## DIRECTIONS FOR THIS TASK
Restate word for word the lines below that run from the one holding "- 第三天到第7天用喝的水+" through the one holding "今年冬天,桑措家里的每個臥室", inclusive. Pictures don't belong in the copy.

PROVIDED INFORMATION: Begin

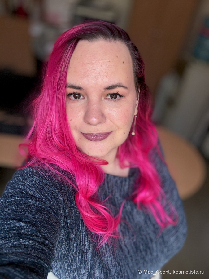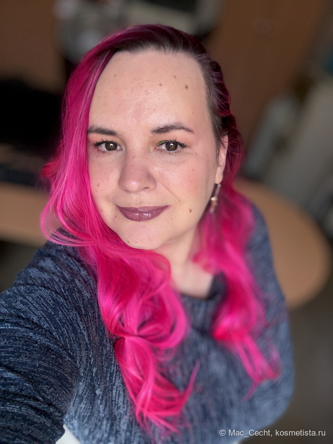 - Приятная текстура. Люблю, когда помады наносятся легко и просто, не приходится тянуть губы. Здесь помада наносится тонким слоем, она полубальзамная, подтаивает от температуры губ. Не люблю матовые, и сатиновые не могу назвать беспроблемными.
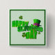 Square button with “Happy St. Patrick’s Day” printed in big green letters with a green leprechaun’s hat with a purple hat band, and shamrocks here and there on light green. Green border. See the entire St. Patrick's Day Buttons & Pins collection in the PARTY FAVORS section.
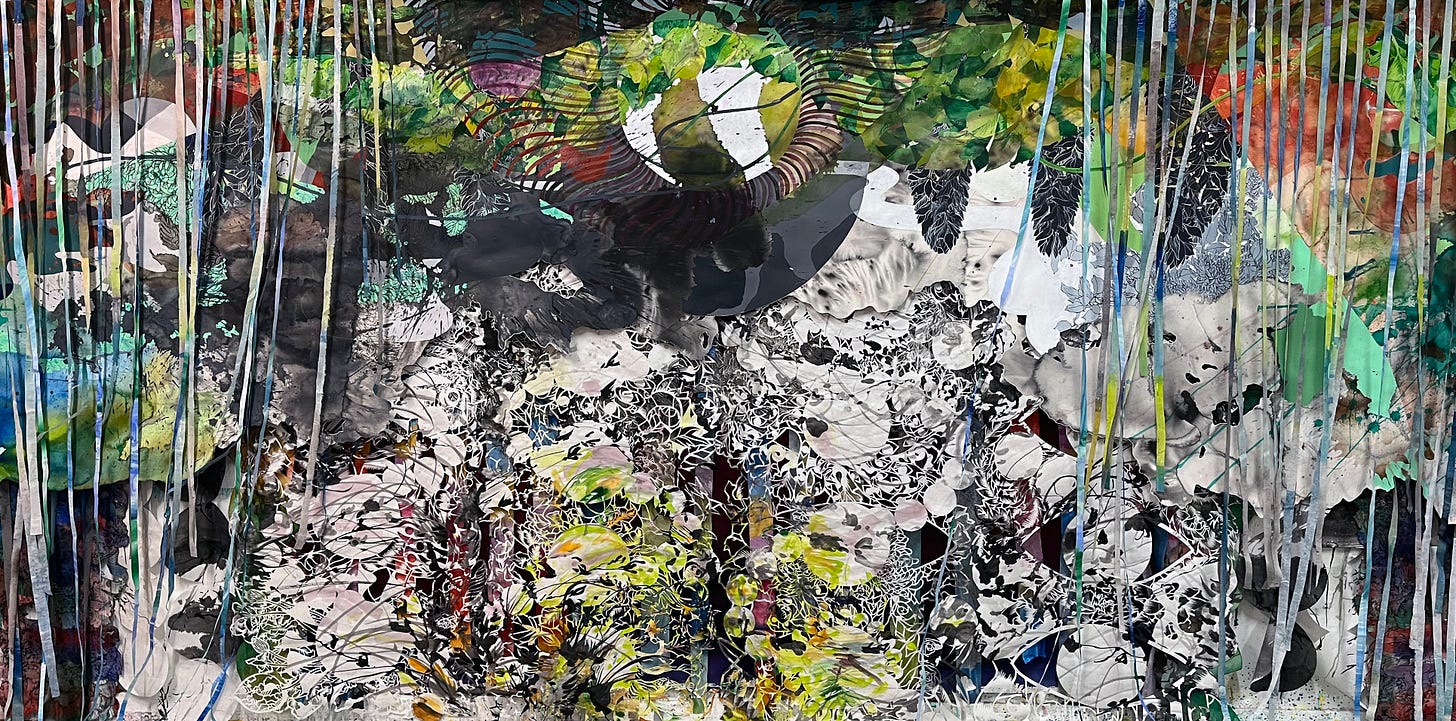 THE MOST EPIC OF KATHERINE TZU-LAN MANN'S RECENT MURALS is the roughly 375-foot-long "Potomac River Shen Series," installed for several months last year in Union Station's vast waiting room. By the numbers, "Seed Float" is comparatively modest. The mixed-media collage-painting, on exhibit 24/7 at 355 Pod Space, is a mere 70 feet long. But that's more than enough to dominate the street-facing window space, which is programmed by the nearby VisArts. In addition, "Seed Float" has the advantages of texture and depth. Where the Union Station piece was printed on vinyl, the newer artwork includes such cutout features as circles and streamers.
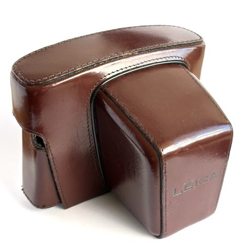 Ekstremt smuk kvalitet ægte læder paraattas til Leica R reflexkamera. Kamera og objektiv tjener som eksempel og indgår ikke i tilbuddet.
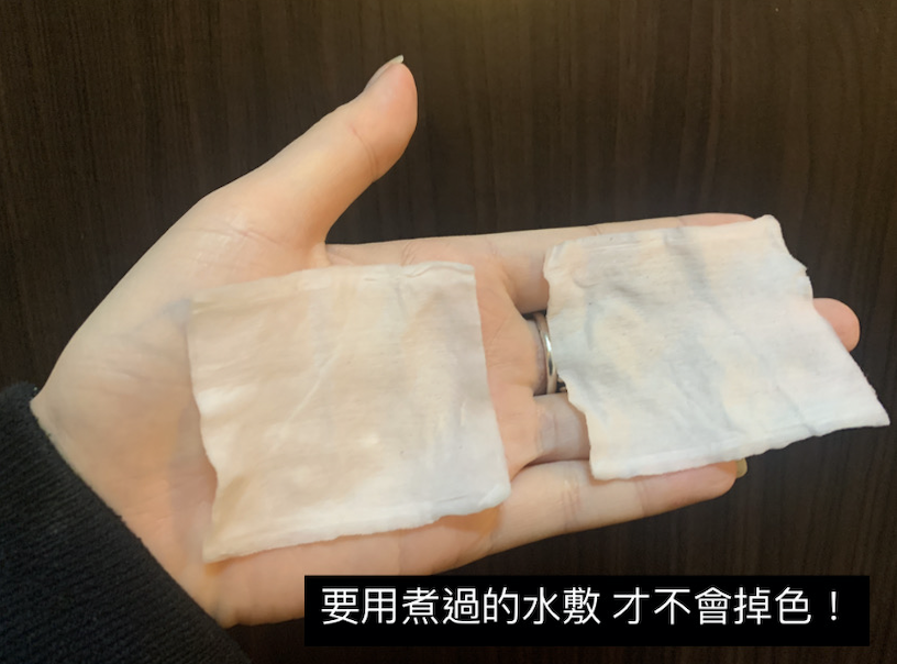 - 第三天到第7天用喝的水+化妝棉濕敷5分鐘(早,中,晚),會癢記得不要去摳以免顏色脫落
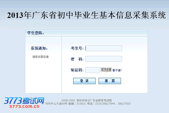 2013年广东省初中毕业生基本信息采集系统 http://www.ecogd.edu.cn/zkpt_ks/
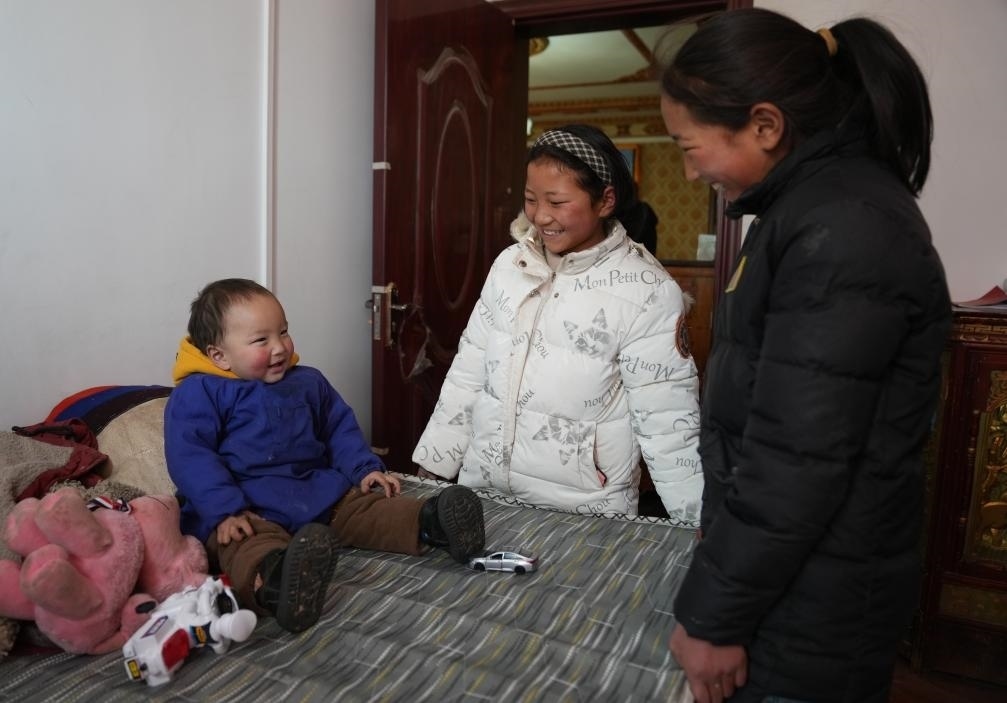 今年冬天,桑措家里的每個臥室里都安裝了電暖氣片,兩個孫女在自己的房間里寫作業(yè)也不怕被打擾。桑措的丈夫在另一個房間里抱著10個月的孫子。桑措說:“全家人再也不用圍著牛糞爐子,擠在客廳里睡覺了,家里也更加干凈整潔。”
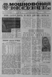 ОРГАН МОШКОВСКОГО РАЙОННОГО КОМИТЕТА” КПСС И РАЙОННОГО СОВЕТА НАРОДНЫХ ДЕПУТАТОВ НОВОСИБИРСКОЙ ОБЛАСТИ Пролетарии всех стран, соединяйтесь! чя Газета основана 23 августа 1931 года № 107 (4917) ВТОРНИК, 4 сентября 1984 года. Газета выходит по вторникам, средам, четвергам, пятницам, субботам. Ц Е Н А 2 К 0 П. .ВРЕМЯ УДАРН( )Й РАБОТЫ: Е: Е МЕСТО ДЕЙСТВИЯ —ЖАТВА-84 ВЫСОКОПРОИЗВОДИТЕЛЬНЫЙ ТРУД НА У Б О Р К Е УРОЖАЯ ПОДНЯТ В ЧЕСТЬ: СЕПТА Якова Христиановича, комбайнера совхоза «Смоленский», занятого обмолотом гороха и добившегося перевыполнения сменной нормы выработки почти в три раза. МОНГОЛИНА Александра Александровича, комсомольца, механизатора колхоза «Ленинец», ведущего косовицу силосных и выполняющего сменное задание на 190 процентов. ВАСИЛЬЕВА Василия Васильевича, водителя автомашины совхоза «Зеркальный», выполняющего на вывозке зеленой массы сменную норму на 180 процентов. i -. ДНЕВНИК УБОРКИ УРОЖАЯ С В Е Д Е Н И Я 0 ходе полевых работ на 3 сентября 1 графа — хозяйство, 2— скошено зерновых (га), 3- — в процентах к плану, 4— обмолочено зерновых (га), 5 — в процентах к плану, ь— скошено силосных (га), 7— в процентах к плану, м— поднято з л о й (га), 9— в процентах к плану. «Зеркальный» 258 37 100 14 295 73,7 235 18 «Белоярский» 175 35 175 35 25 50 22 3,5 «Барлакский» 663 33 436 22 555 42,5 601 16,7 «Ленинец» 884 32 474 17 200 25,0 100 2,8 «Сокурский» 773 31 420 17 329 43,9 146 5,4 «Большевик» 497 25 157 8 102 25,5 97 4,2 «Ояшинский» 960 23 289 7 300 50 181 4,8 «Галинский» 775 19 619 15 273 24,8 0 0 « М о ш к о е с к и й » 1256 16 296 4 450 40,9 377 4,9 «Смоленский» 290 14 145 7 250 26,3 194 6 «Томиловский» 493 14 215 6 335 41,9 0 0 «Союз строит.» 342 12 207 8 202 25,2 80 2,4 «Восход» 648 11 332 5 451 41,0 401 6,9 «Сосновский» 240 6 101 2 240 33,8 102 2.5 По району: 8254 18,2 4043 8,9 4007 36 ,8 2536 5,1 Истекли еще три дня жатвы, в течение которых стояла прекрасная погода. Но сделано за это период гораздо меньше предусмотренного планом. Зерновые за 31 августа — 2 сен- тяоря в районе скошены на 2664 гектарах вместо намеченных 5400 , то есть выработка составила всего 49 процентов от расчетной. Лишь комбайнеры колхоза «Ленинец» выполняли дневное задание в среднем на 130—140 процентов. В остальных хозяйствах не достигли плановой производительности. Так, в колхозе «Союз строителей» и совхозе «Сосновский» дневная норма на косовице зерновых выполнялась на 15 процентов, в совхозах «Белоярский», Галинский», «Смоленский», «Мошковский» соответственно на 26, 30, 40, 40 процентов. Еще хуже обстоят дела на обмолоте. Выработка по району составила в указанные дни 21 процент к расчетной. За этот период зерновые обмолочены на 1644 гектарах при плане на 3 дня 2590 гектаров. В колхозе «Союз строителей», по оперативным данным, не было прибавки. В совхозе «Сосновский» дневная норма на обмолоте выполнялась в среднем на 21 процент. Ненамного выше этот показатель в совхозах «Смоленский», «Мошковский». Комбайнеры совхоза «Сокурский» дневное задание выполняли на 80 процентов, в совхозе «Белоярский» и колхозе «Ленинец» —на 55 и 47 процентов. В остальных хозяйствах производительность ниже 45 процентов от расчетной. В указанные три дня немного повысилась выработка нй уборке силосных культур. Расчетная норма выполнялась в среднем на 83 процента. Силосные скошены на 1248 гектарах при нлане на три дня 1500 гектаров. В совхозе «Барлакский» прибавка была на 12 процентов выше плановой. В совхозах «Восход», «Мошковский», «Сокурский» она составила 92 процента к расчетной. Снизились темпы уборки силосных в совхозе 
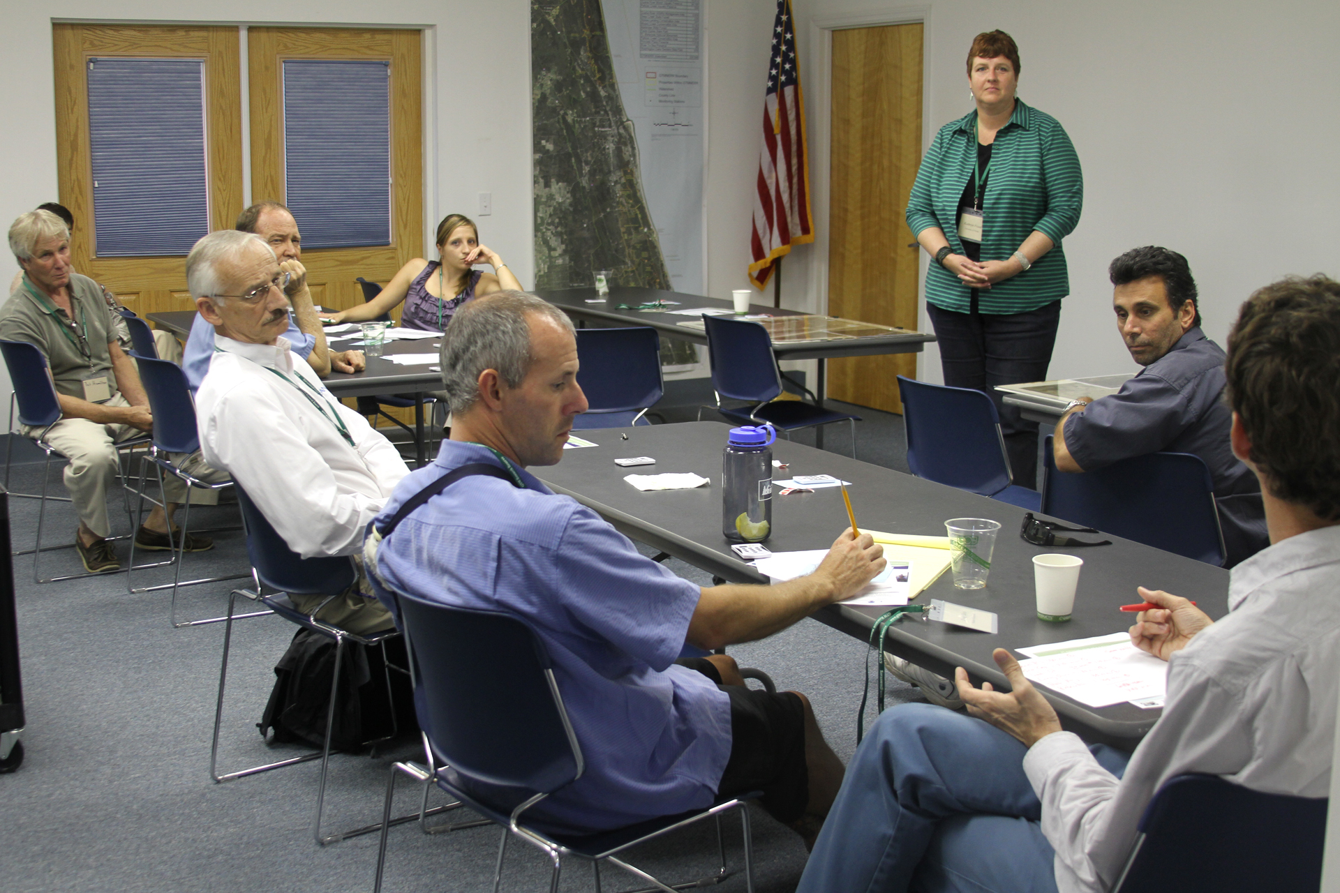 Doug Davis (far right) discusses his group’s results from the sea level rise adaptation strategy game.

PROVIDED INFORMATION: End

## SOLUTION FOR THIS TASK
 - 第三天到第7天用喝的水+化妝棉濕敷5分鐘(早,中,晚),會癢記得不要去摳以免顏色脫落
 2013年广东省初中毕业生基本信息采集系统 http://www.ecogd.edu.cn/zkpt_ks/
 今年冬天,桑措家里的每個臥室里都安裝了電暖氣片,兩個孫女在自己的房間里寫作業(yè)也不怕被打擾。桑措的丈夫在另一個房間里抱著10個月的孫子。桑措說:“全家人再也不用圍著牛糞爐子,擠在客廳里睡覺了,家里也更加干凈整潔。”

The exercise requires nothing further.